- Daniel Vorcaro, ex-dono do Banco Master, chefiava uma rede estruturada para fraudes no sistema financeiro e lavagem de dinheiro, com alcance até policiais, servidores do Banco Central e até membros da Interpol.
- A PF aponta divisão de tarefas entre núcleos: políticos, milícia/segurança, tecnologia e financeira, para defender interesses do esquema e ocultar as atividades ilícitas.
- Entre os políticos citados estão o senador Ciro Nogueira e o líder do governo no Senado, Jaques Wagner, que, segundo a PF, teriam recebido vantagens e atuado em defesa do Master no Congresso.
- O grupo incluía pagamentos mensais significativos a Ciro Nogueira, operações de empresas de fachada e envio de recursos para aliados, além de benefícios como viagens e apartamentos de luxo.
- Em relação à atividade criminosa, a PF descreve uso de SPEs (Sociedades de Propósito Específico) e notas frias para ocultar origens de recursos, bem como monitoramento de mídias, ataques cibernéticos e tentativas de censura.
Daniel Vorcaro, ex-dono do Banco Master, é apontado pela Polícia Federal como responsável por uma rede estruturada para fraudes no sistema financeiro e lavagem de dinheiro. O grupo operava com divisão de funções, envolvendo familiares, policiais, bicheiros, servidores do Banco Central e até integrantes da Interpol.
A investigação envolve atos de emissão de títulos de crédito falsificados, ameaça, corrupção e operações financeiras irregulares. O Ministério Público já autorizou a quebra de sigilo de parte das apurações, com o STF permitindo o acesso a novos dados.
Segundo a PF, Vorcaro cultivou influência política e midiática para defender interesses do esquema, articulando apoio de nominais do Congresso e recebendo vantagens ilícitas em troca. A rede foi descrita como hierarquizada e ampliada por meio de núcleos especializados.
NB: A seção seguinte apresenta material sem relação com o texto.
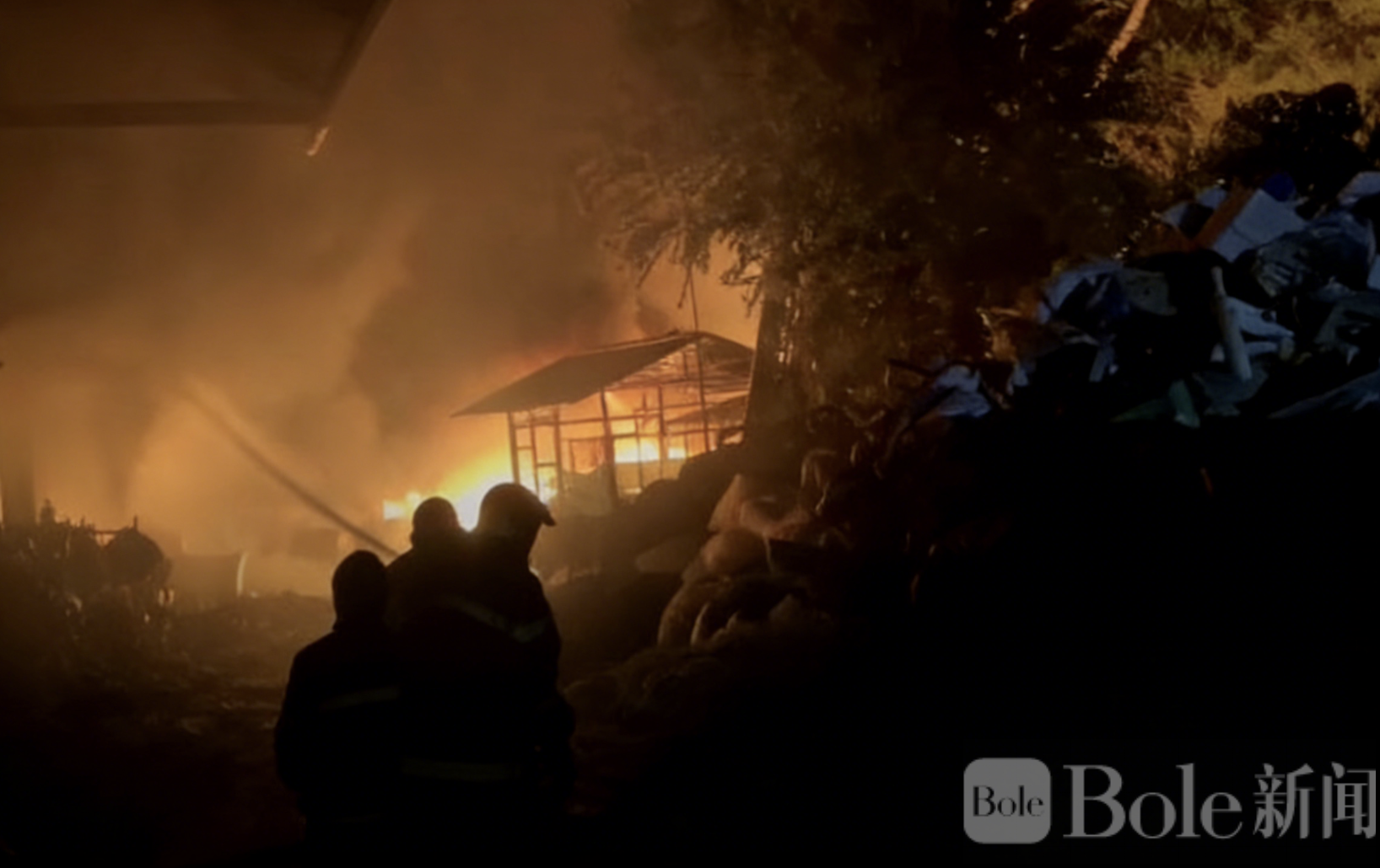 Bole新闻专讯:泰国东北部呵叻府市区2月9日凌晨突发严重火灾,一家大型废品回收仓库被烈焰吞噬,火势在强风助推下迅速蔓延,相关单位紧急调集14辆消防车和40多名消防及救援人员全力抢险,场面一度十分惊险。

Ligações e núcleos especializados
#### Influência entre políticos
Entre os citados, aparecem o senador Ciro Nogueira (PP-PI) e Jaques Wagner (PT-BA). A PF aponta que ambos atuariam em defesa de interesses do Master, recebendo vantagens como viagens, apartamentos e mesadas. O relacionamento com Ciro teria ocorrido em encontros frequentes, inclusive em voos particulares.
Ao todo, a PF aponta transferências mensais superiores a R$ 300 mil destinadas ao senador, operadas por um primo de Vorcaro por meio de duas empresas de fachada. Wagner também é citado por supostas benesses e viagens com custo elevado.
#### Outros núcleos
A PF descreve a atuação de grupos dedicados a extorsões, ameaças e coleta de dados sigilosos, com acesso a sistemas governamentais. O grupo conhecido como “A Turma” incluía policiais federais que facilitavam essas ações.
Hacker e segurança constam como base para monitorar a Interpol e o FBI, segundo a PF. Em conversas, o líder do esquema falava em acionar um suposto “amigo da Interpol” para perseguir adversários, com planos de investir milhões.
#### Os Meninos e o núcleo econômico
O grupo tecnológico, chamado “Os Meninos”, realizava ataques cibernéticos a contas de redes e mensagens para silenciar críticos. Já o núcleo econômico era responsável pela parte financeira, incluindo o pagamento de dívidas e a organização de repasses.
O controle da mídia também aparece como elemento do esquema, com jornalistas pagos para propagar matérias alinhadas aos interesses de Vorcaro. Diversos casos citados indicam uso de podem de censura digital e pressão a jornalistas.
Movimentação financeira
A PF descreve um fluxo financeiro com uso de empresas de fachada e SPEs para ocultar a origem e o destino de recursos. As operações incluíam emissão de títulos sem lastro, notas frias e contratos simulados, além de transferências rápidas entre empresas do núcleo.
As apurações apontam ainda para o uso de notas fiscais frias e mecanismos de descarimbar capital. Em diversos casos, o grupo buscou manter o dinheiro circulando de forma pouco rastreável, com operações de recebimento e transferência em curto intervalo.